» **REQUIRED ACTION**
Every line of the records below from the line with "楼旦丰副教授、朱笔峰副教授作" up to and including the line with "Clean Up After" must be reproduced exactly, and no line outside that range.

» **RECORDS TO PROCESS**
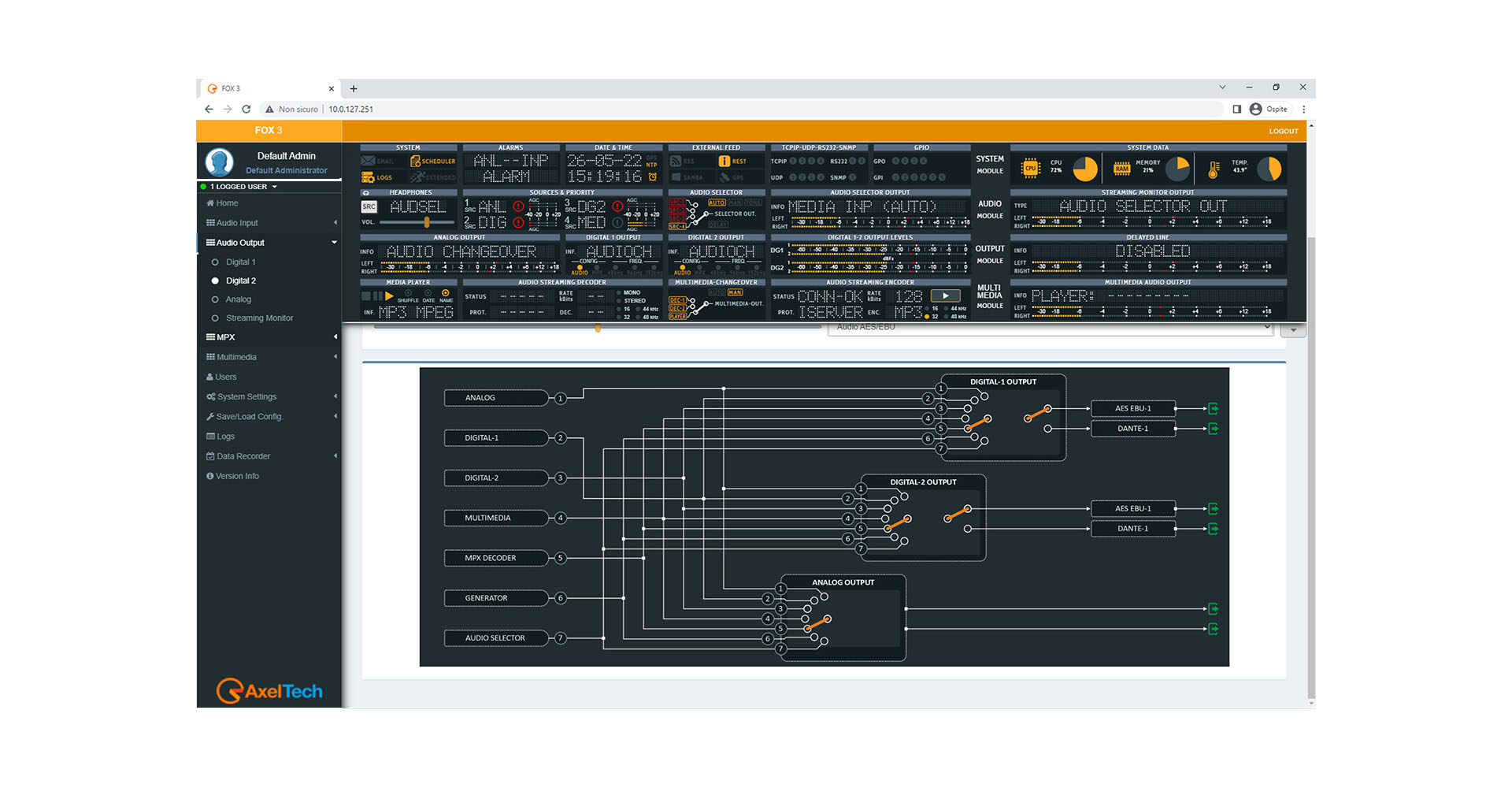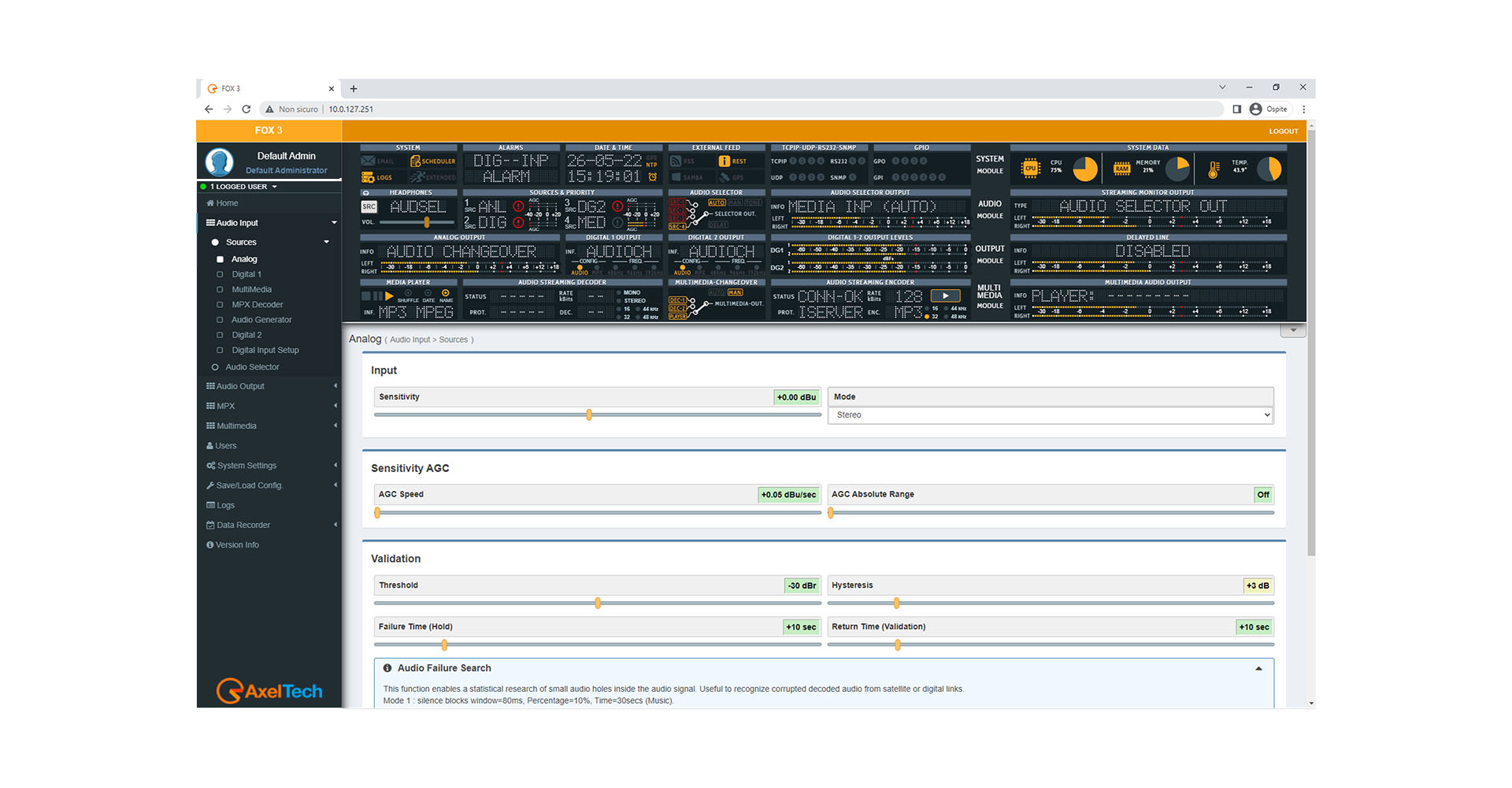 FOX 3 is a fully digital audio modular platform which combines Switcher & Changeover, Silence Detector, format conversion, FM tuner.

* * *

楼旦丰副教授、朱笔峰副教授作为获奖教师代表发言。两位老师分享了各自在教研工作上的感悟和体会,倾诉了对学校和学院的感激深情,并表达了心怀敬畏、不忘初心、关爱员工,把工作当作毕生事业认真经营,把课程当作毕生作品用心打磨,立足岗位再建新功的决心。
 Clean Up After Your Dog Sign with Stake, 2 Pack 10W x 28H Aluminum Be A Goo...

» **ANSWER**
楼旦丰副教授、朱笔峰副教授作为获奖教师代表发言。两位老师分享了各自在教研工作上的感悟和体会,倾诉了对学校和学院的感激深情,并表达了心怀敬畏、不忘初心、关爱员工,把工作当作毕生事业认真经营,把课程当作毕生作品用心打磨,立足岗位再建新功的决心。
 Clean Up After Your Dog Sign with Stake, 2 Pack 10W x 28H Aluminum Be A Goo...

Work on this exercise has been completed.